But the objections to Sohn were all the kinds of smokescreens that politicians use to not admit the real reason they opposed the nomination. Gigi Sohn is not going to be the next Commissioner because she is in favor of regulating broadband and the public airwaves. The big ISPs and the large broadcasting companies (some companies which are both) have been lobbying hard against the Sohn nomination since it was first announced. These giant corporations don’t want a third Democratic Commissioner who is pro-regulation.
In the past, the party that held the White House was able to nominate regulators to the FCC and other regulatory agencies that reflected the philosophies of their political party. That’s been a given in Washington DC, and agencies like the FCC have bounced back and forth between different concepts of what it means to regulate according to which party controlled the White House.
But I think the failure to approve Sohn breaks the historical convention that lets the political party in power decide who to add as regulators. I predict this will not end with this failed nomination. Unless the Senate gets a larger majority for one of the parties, I have a hard time seeing any Senate that is going to approve a fifth FCC Commissioner. If Republicans win the next presidential race, their nominee for the fifth Commissioner slot will also likely have no chance of getting approved.
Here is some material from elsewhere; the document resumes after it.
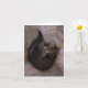 A blank greeting card featuring a print of an original photograph taken by Kelly W. Patterson of a kitten sleeping on a couch in a contorted, yoga-like pose. This cute little beast is sure to create a relaxing ad spiritual mood that will brighten anyone's day

The primary reason for this is that votes for an FCC Commissioner are no longer purely along party lines. The large ISPs and broadcasters make huge contributions to Senators for the very purpose of influencing this kind of issue. That’s not to say that there will never be a fifth Commissioner, but rejecting this nomination means it’s going to be a lot harder in the future to seat FCC Commissioners who embrace the position of the political party in power, like was done by Ajit Pai and likely would have been done by Gigi Sohn.
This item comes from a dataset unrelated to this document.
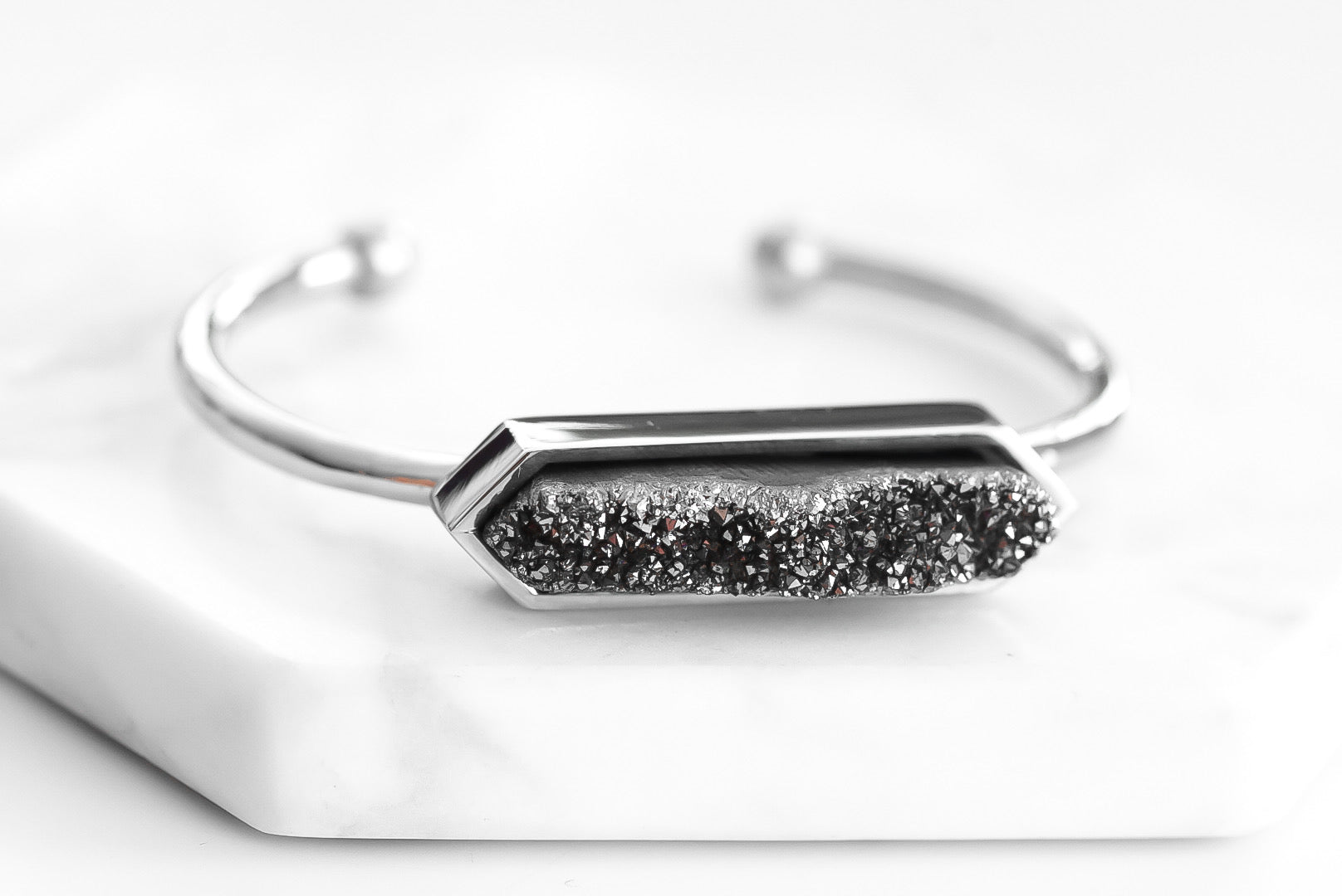 Silver And Black Hypoallergenic Nickel Free Bangle Cuff Bracelet. Custom Druzy Raw Natural Quartz Stone Accents And Designed With Love In Texas. Size Small, Medium, Large, and Extra Large Ranging From 6.25 - 7.25 Inch Circumference With Custom Sizing Available On Select Pieces.

I think we’re now seeing the textbook example of regulatory capture. That’s an economic principle that describes a situation where regulatory agencies are dominated by the industries they are supposed to be regulating. Economic theory says that it’s necessary to regulate any industry where a handful of large players control the market. Good regulation is not opposed to the large corporations being regulated but should strike a balance between what’s good for the industry and what’s good for the public. In a perfectly regulated industry, both the industry and the public should be miffed at regulators for not fully supporting their issues.
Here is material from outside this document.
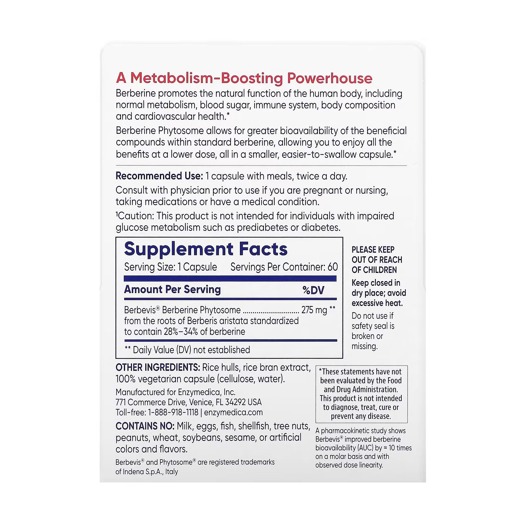 Фітосома берберину забезпечує вищу біодоступність корисних сполук зі стандартного берберину, що дає змогу насолоджуватися всіма перевагами за меншої дози в меншій капсулі, яку легше ковтати.

The concept of regulatory capture was proposed in the 1970s by George Stigler, a Nobel prize-winning economist. He outlined the characteristics of regulatory capture that describes the broadband industry to a tee.
- Regulated industries devote a large budget to influence regulators at the federal, state, and local levels. It’s typical that citizens don’t have the wherewithal to effectively lobby the public’s side of issues.
- Regulators tend to come from the regulated industry, and they tend to take advantage of the revolving door to return to industry at the end of their stint as a regulator.
- In the extreme cases of regulatory capture, the incumbents are deregulated from any onerous regulations while new market entrants must jump through high hoops.
The FCC is a textbook example of a captured regulator. The FCC under Ajit Pai went so far as to deregulate broadband and to wash the FCC’s hands of broadband as much as possible by theoretically passing the little remaining regulation to the FTC. It’s hard to imagine an FCC more under the sway of the broadband industry than the last one.
There is no real fix for regulatory capture other than a loud public outcry to bring back strong regulation. But that’s never going to happen when regulatory capture is so complete so that it’s impossible to even seat a fifth Commissioner.